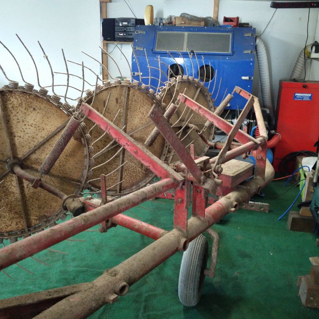 Hier ein ursprünglich pferdegezogener Schlepprechen Fabrikat Fahr.
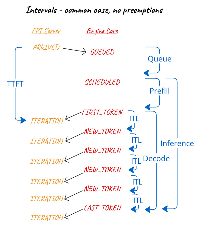 The engine core will also record the timestamp of certain per-request events so that the frontend can calculate the interval between these events.
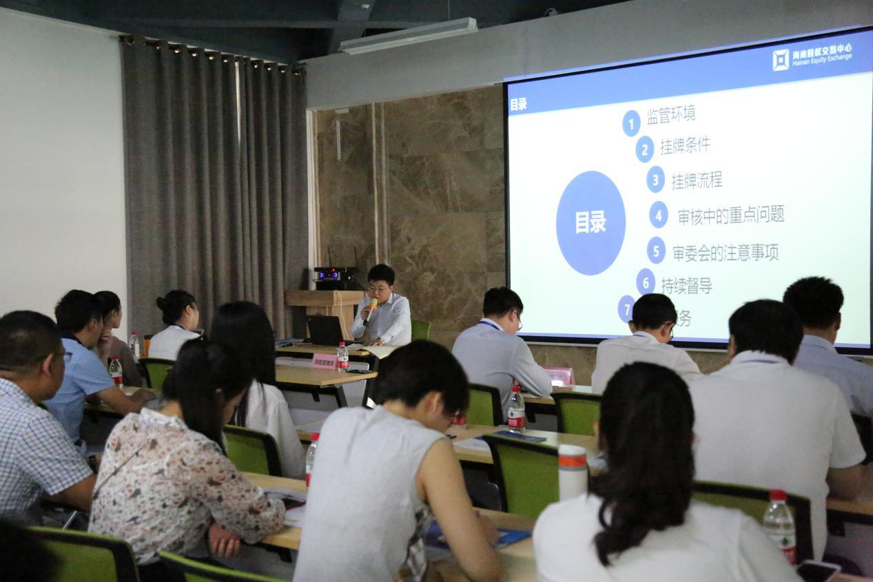 10月19日上午,海南股權(quán)交易中心舉辦2017年第二期會員機(jī)構(gòu)業(yè)務(wù)培訓(xùn)交流會,20家會員機(jī)構(gòu)代表參加交流會。股交中心執(zhí)行總經(jīng)理程棟才針對目前區(qū)域性股權(quán)市場的發(fā)展概況進(jìn)行了講解,介紹股交中心在政府支持方面的優(yōu)勢,...
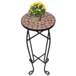 Deze plantentafel heeft een weerbestendig mozaïeken tafelblad en elegante gebogen poten. Hij wordt zeker een blikvanger in je tuin, balkon, terras, enz.
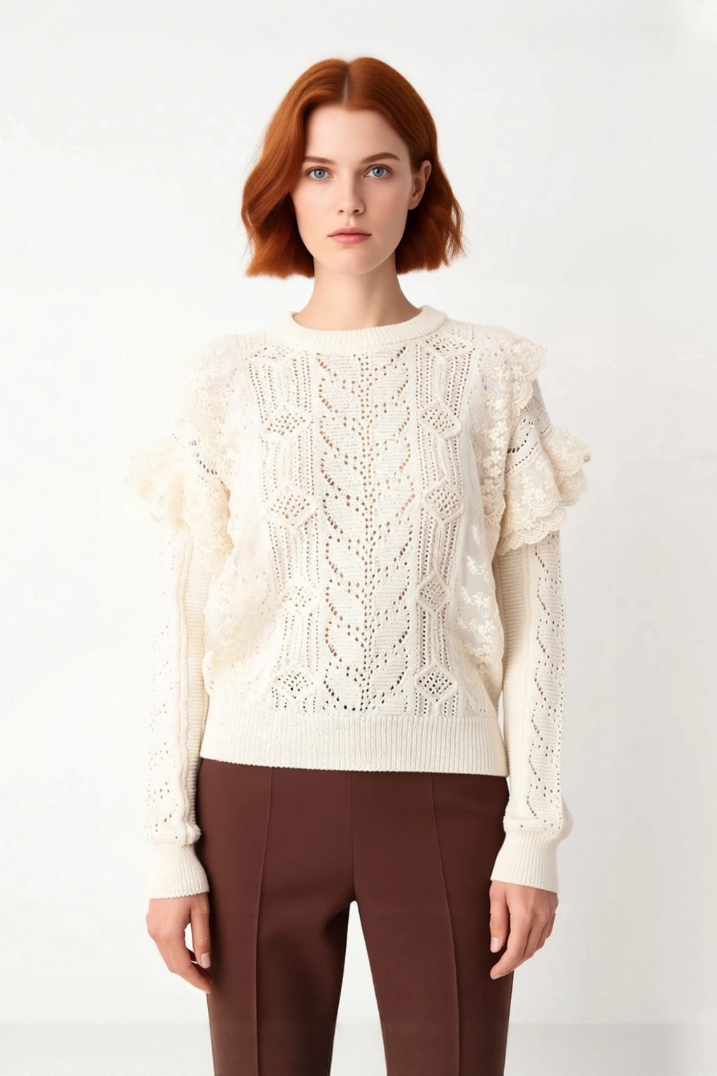 Klasik bisiklet yaka tasarımı, zamansız bir şıklık sunarken, uzun standart kol yapısı hareket özgürlüğünüzü kısıtlamaz. Kol detaylarındaki fırfırlı dantel işlemeler, kazağa benzersiz ve göz alıcı bir karakter katarken, tek plaka dokuma triko kumaşı cildin nefes almasını sağlar ve terlemeyi önler. Orta kalınlıktaki yapısı, mevsim geçişlerinde ve soğuk kış günlerinde sizi ideal sıcaklıkta tutar. Dayanıklı polyester kumaşı sayesinde uzun süreli kullanıma uygun olan bu ürün, T41 yıkama talimatlarına göre kolayca temizlenebilir, böylece pratik kullanım sunar ve formunu uzun süre korur.
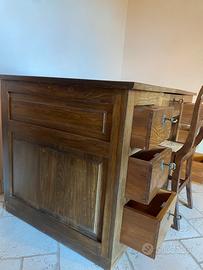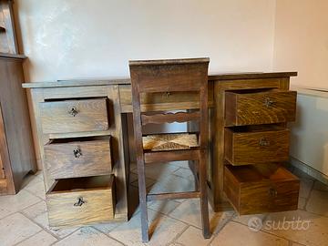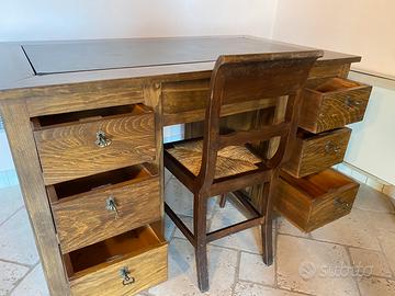 6 ampi cassetti funzionanti, con chiave e serratura vintage. Scrivania realizzata in legno massello, probabilmente rovere o frassino. Sedia inclusa nel prezzo. Per ovvie ragioni non spedibile. ANTIQUE WOODEN CONSOLE WITH DRAWERS
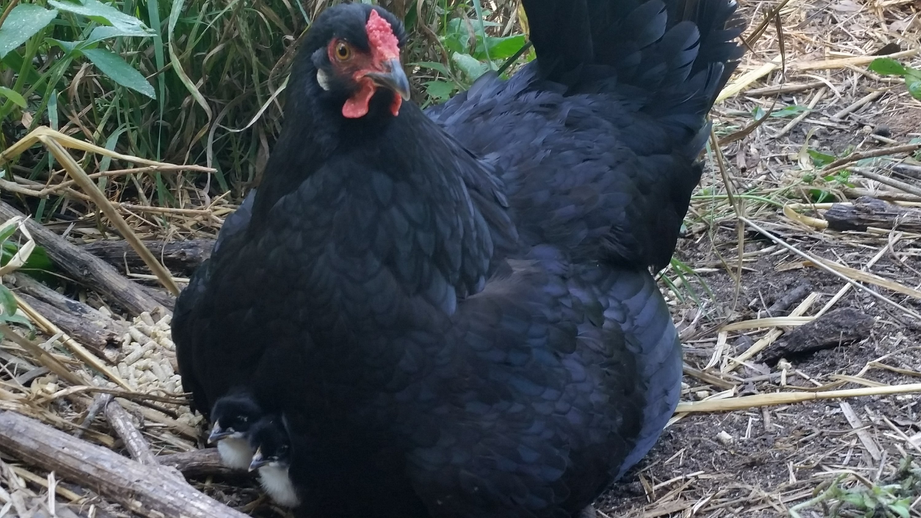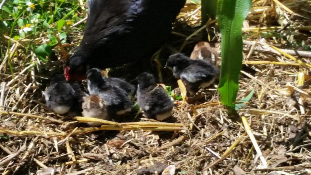 This year we failed again to keep the wild chickens from becoming exponential. First one little chick came out of somewhere and added to the cuteness out here.
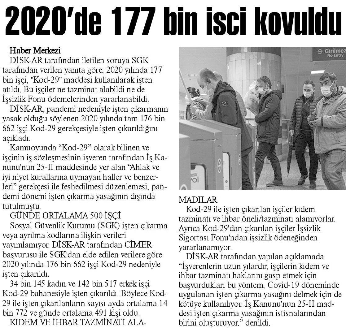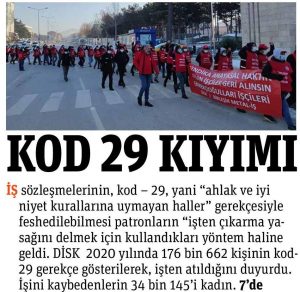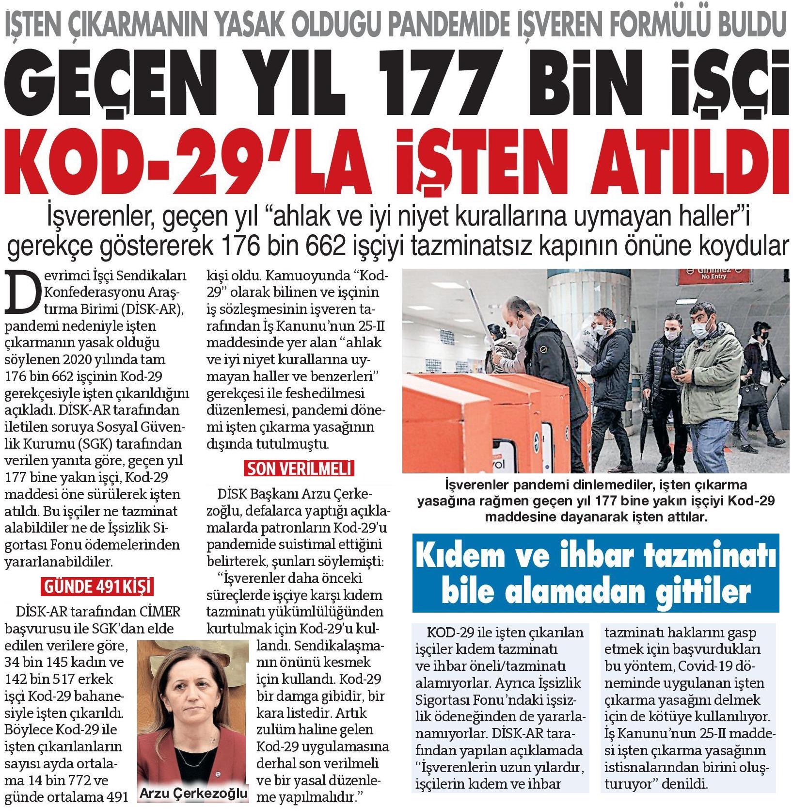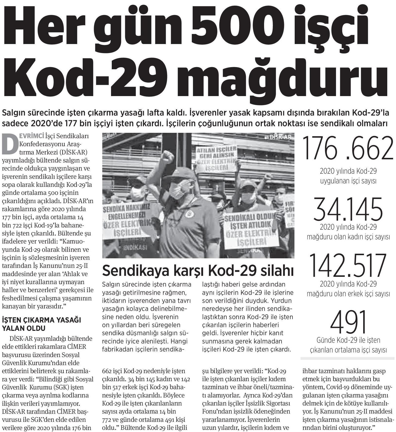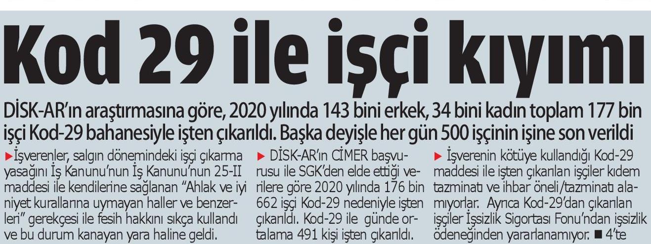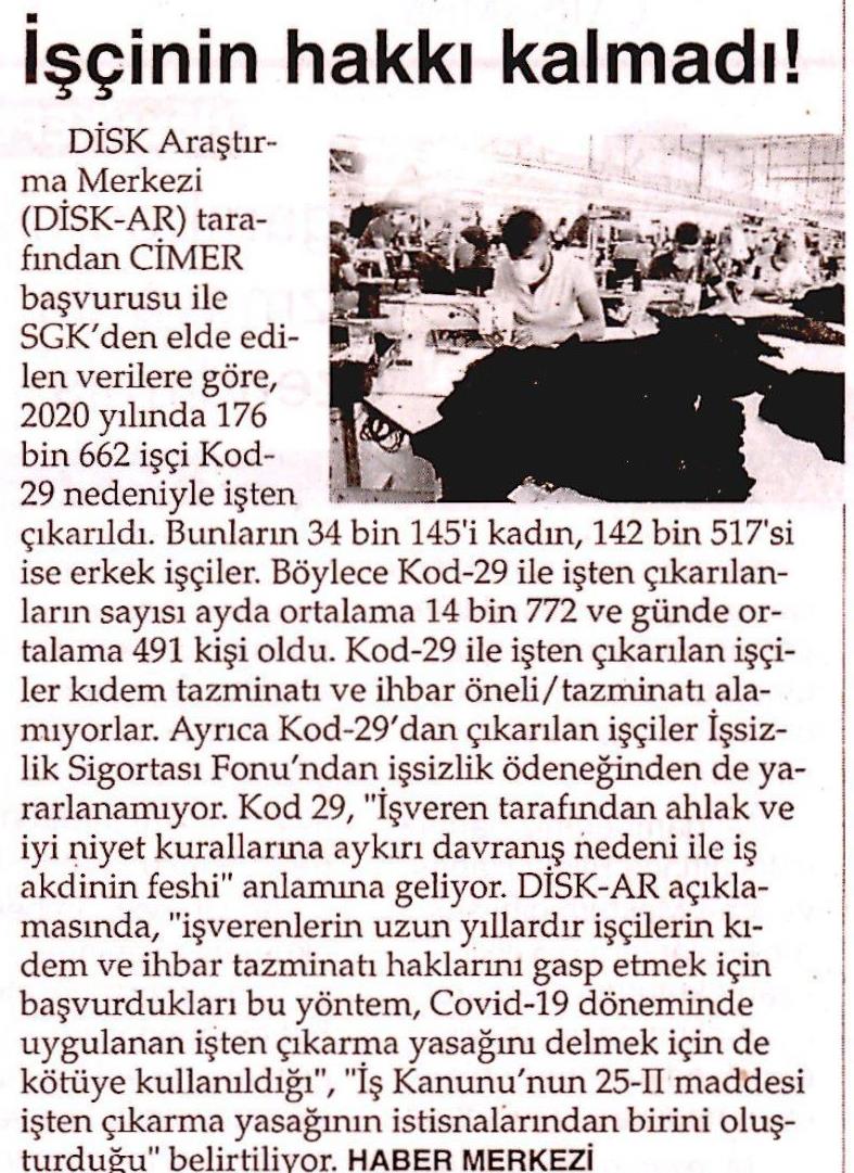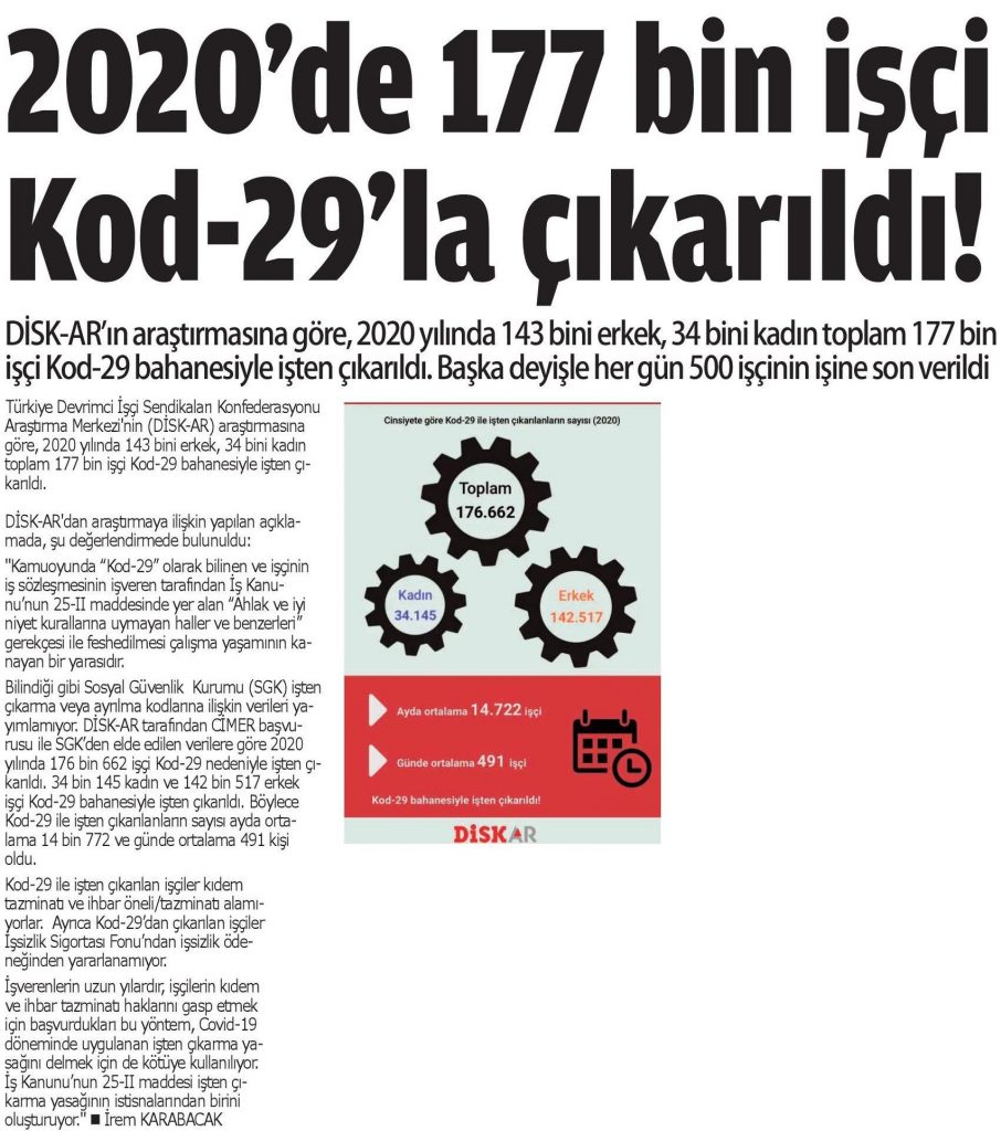 DİSK-AR tarafından hazırlanan ve 6 Nisan 2020’de yayımlanan “Kod-29 kıyımı: 143 bini erkek, 34 bini kadın toplam 177 bin işçi!” isimli haber bülteni 7 Nisan 2020 ve 8 Nisan 2021 tarihli yazılı basında geniş yer buldu.
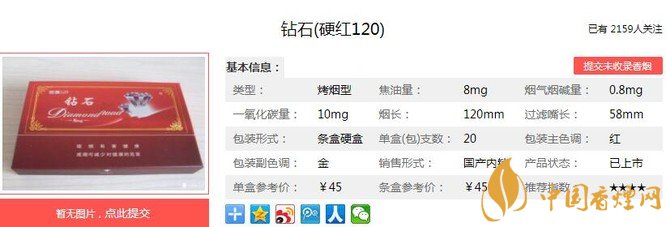 一、鉆石硬紅120香煙價(jià)格
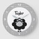 Black White Lamb Kawaii Kid Nursery Script Name Large Clock
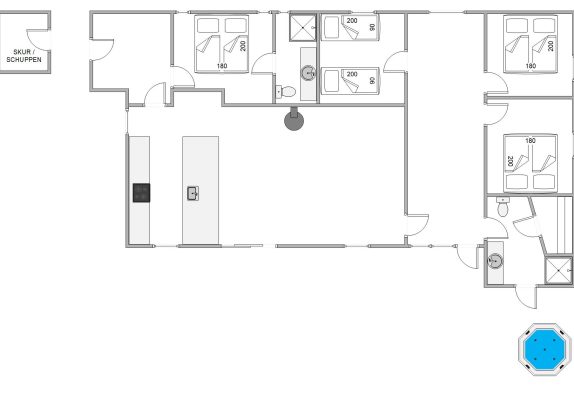 De 4 soveværelser indbyder til en afslappende nat med komfortable senge. Der er i alt 3 dobbeltsenge og 1 soveværelse med 2 enkeltsenge. Du kan opvarme dette moderne feriehus med den energiebesparende varmepumpe, og der er også en vaskemaskine samt en tørretumbler, så I altid har rene håndklæder.
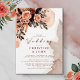 Den här inbjudan från elegant bröllop har fantastiska blommigtar på bakgrunden med klassisk typografi. Denna utformning är perfektens val för en rustik men elegant sen sommaren eller hösten bröllop.
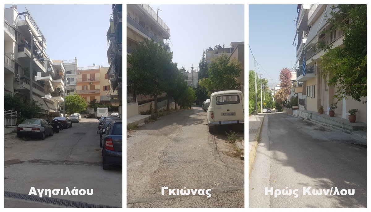 Ειδική πρόβλεψη υπάρχει για τις οδούς Γκιώνας, Ηρώς Κωνσταντοπούλου και Αγησιλάου οι οποίες, ως στενοί, μικροί δρόμοι, δεν θα στρωθούν με νέα άσφαλτο αλλά με κυβόλιθους. Με την πεζοδρόμησή τους η Ηρώς Κωνσταντοπούλου και η Αγησιλάου θα μπορέσουν έτσι να «κουμπώσουν» στις ήδη στρωμένες με κυβόλιθους, κάθετες σε αυτές οδούς ήπιας κυκλοφορίας: Κοραή και Αριστοτέλους αντίστοιχα.
------------------------------
ABOUT THIS EXERCISE: Skip every picture and transcribe the data above exactly.

WRITTEN ANSWER:
 Hier ein ursprünglich pferdegezogener Schlepprechen Fabrikat Fahr.
 The engine core will also record the timestamp of certain per-request events so that the frontend can calculate the interval between these events.
 10月19日上午,海南股權(quán)交易中心舉辦2017年第二期會員機(jī)構(gòu)業(yè)務(wù)培訓(xùn)交流會,20家會員機(jī)構(gòu)代表參加交流會。股交中心執(zhí)行總經(jīng)理程棟才針對目前區(qū)域性股權(quán)市場的發(fā)展概況進(jìn)行了講解,介紹股交中心在政府支持方面的優(yōu)勢,...
 Deze plantentafel heeft een weerbestendig mozaïeken tafelblad en elegante gebogen poten. Hij wordt zeker een blikvanger in je tuin, balkon, terras, enz.
 Klasik bisiklet yaka tasarımı, zamansız bir şıklık sunarken, uzun standart kol yapısı hareket özgürlüğünüzü kısıtlamaz. Kol detaylarındaki fırfırlı dantel işlemeler, kazağa benzersiz ve göz alıcı bir karakter katarken, tek plaka dokuma triko kumaşı cildin nefes almasını sağlar ve terlemeyi önler. Orta kalınlıktaki yapısı, mevsim geçişlerinde ve soğuk kış günlerinde sizi ideal sıcaklıkta tutar. Dayanıklı polyester kumaşı sayesinde uzun süreli kullanıma uygun olan bu ürün, T41 yıkama talimatlarına göre kolayca temizlenebilir, böylece pratik kullanım sunar ve formunu uzun süre korur.
 6 ampi cassetti funzionanti, con chiave e serratura vintage. Scrivania realizzata in legno massello, probabilmente rovere o frassino. Sedia inclusa nel prezzo. Per ovvie ragioni non spedibile. ANTIQUE WOODEN CONSOLE WITH DRAWERS
 This year we failed again to keep the wild chickens from becoming exponential. First one little chick came out of somewhere and added to the cuteness out here.
 DİSK-AR tarafından hazırlanan ve 6 Nisan 2020’de yayımlanan “Kod-29 kıyımı: 143 bini erkek, 34 bini kadın toplam 177 bin işçi!” isimli haber bülteni 7 Nisan 2020 ve 8 Nisan 2021 tarihli yazılı basında geniş yer buldu.
 一、鉆石硬紅120香煙價(jià)格
 Black White Lamb Kawaii Kid Nursery Script Name Large Clock
 De 4 soveværelser indbyder til en afslappende nat med komfortable senge. Der er i alt 3 dobbeltsenge og 1 soveværelse med 2 enkeltsenge. Du kan opvarme dette moderne feriehus med den energiebesparende varmepumpe, og der er også en vaskemaskine samt en tørretumbler, så I altid har rene håndklæder.
 Den här inbjudan från elegant bröllop har fantastiska blommigtar på bakgrunden med klassisk typografi. Denna utformning är perfektens val för en rustik men elegant sen sommaren eller hösten bröllop.
 Ειδική πρόβλεψη υπάρχει για τις οδούς Γκιώνας, Ηρώς Κωνσταντοπούλου και Αγησιλάου οι οποίες, ως στενοί, μικροί δρόμοι, δεν θα στρωθούν με νέα άσφαλτο αλλά με κυβόλιθους. Με την πεζοδρόμησή τους η Ηρώς Κωνσταντοπούλου και η Αγησιλάου θα μπορέσουν έτσι να «κουμπώσουν» στις ήδη στρωμένες με κυβόλιθους, κάθετες σε αυτές οδούς ήπιας κυκλοφορίας: Κοραή και Αριστοτέλους αντίστοιχα.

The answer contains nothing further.